PALS: Plasmonically activated Living Materials
Selim Basaran – Infrared-activable Engineered Living Materials
Engineered Living materials (ELMs) are a type of advanced material that incorporates engineered living organisms (responsive function) into the material matrix (scaffold function). These materials are designed to exhibit biological functionality such as responsiveness to environmental stimuli to produce e.g. proteins or drugs.
We integrate gold nanorods in ELMs to design IR-sensitive Engineered Living Materials with biomedical applicable structures that can rapidly reach 39°C-44°C by plasmonic NIR light stimulation to induce protein or antibiotic production. The temperature profile is controlled by combination of IR thermography and thermocouples. The protein and drug production are quantified as a function of plasmonic stimulation by gold nanorods via ex situ fluorescence microscopy and ESI-MS.
BROADCAST: Stretchable conductors for dielectric actuators in soft robots
Lingyu Liu– Biomimetic robots autonomously driven by dielectric elastomers
Compared to traditional robots, soft robots are usually composed of soft stimuli–responsive materials, which make them have good adaptability and compliance and can interact with the environment. The soft stimuli–responsive materials commonly used in soft robots include dielectric elastomers (DEs), and multi-functional DEs with bio-inspired control strategies can achieve autonomous peristalsis, locomotion, and similar behavior. Nowadays, the improvement in soft robots is hampered by a lack of materials for such circuits and missing rules for design. In this project, we collaborate with soft robotic engineers to investigate novel, autonomously running electro-mechanical soft conductive materials for driving soft biomimetic robotic systems to predict the complex electro-mechanical behavior of those structures.

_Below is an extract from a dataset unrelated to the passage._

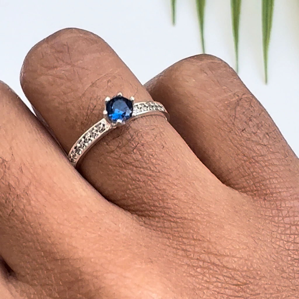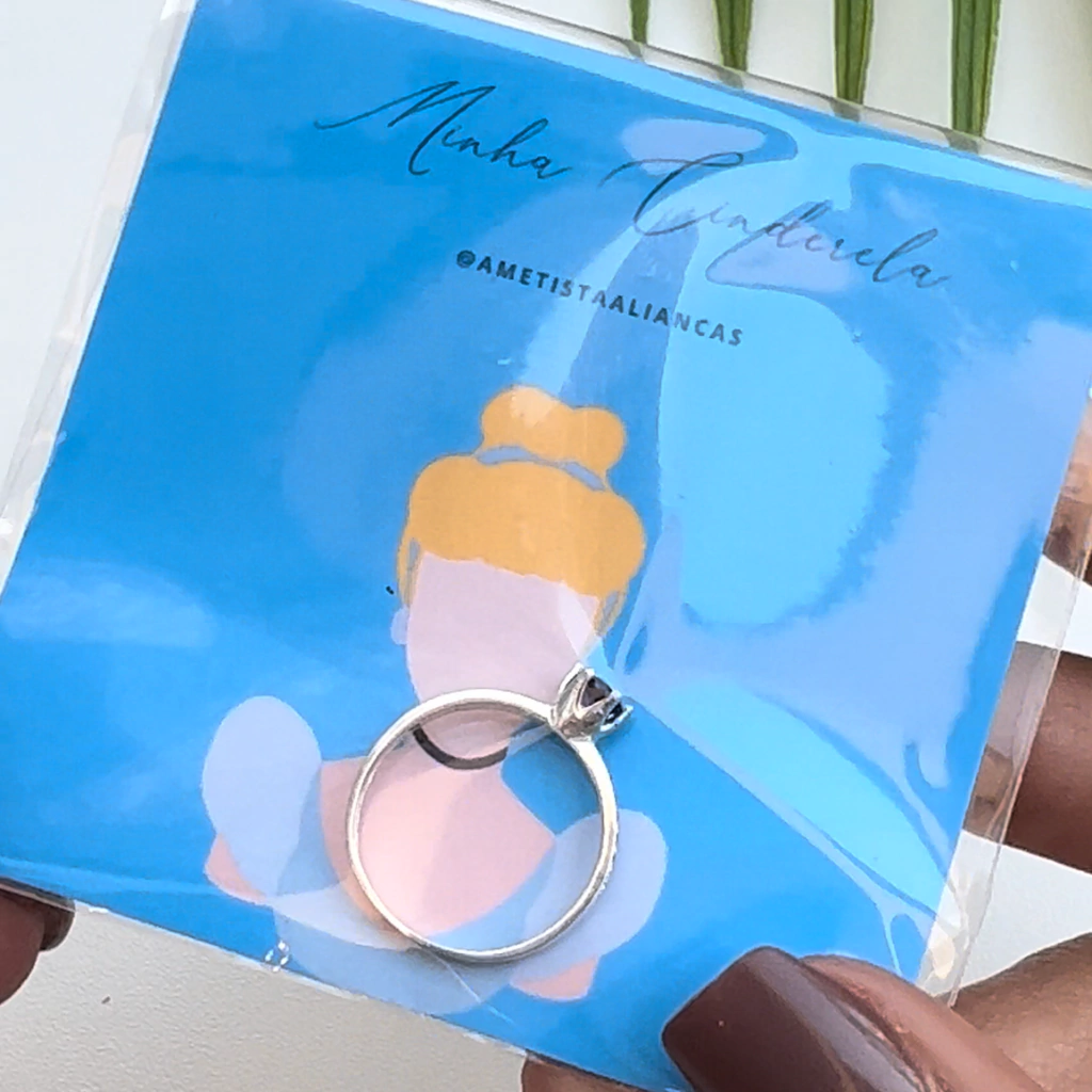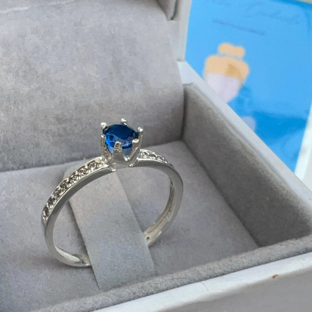 Anel CINDERELA é feito em PRATA 925, possui pedras laterias brancas + pedra central azul em zircônia!!

StableWires: Ligand shells and the shape stability of ultrathin nanowires
Yannic Curto: Project Stable Wires
Shape stability is an inherent limitation of ultrathin nanowires. Because a thin wire can break up into spheres due to a phenomenon is called Rayleigh-Plateau instability. It is not possible today to predict which nanowires remain structurally stable under which conditions. It is known, however, that the structural stability of ultrathin nanowires depends both on surface chemistry and solid structure. Ligands play a key role in the formation of highly anisotropic nanowires, and the same ligands contribute to structural stability. We study in this project the structural stability of chemically synthesized, ultrathin nanowires to identify the role of solid core material and molecular ligand shell in wire stability. Therefore, we synthesize different metal and semiconductor nanowires with very similar core diameters below 10nm and with different ligand shells.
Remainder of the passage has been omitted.